> **Work to be completed**: For this listing, reproduce the line with "Eurozona: PIB +1,7%", the line with "附件:单一来源采购专家论证意见表", and the lines between, exactly as they stand. Leave out pictures and all other lines.

> **Data**:
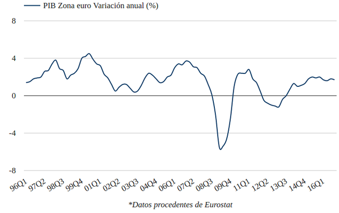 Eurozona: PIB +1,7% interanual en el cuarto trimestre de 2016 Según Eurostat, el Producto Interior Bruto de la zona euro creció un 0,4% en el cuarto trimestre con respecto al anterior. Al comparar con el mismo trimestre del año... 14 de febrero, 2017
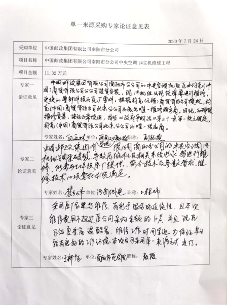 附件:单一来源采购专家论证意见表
---
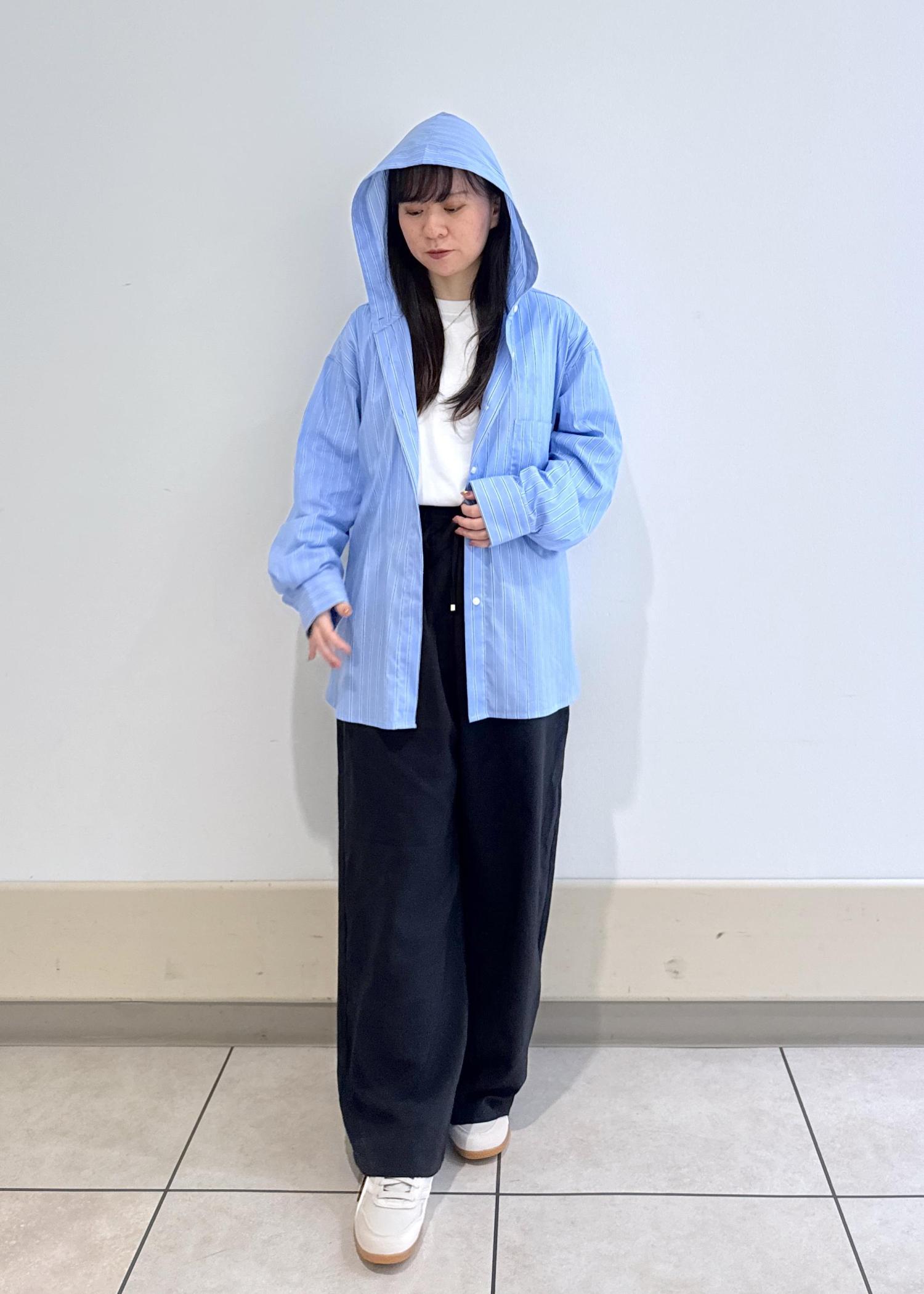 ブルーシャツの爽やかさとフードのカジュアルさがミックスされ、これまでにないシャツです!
==
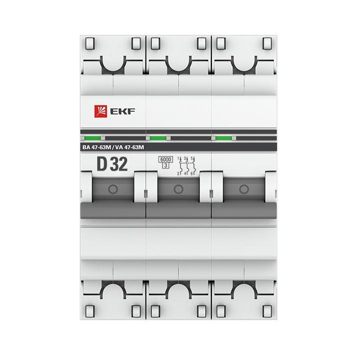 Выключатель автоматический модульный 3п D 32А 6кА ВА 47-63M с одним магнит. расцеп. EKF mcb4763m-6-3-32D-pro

> **Response to the exercise**:
 Eurozona: PIB +1,7% interanual en el cuarto trimestre de 2016 Según Eurostat, el Producto Interior Bruto de la zona euro creció un 0,4% en el cuarto trimestre con respecto al anterior. Al comparar con el mismo trimestre del año... 14 de febrero, 2017
 附件:单一来源采购专家论证意见表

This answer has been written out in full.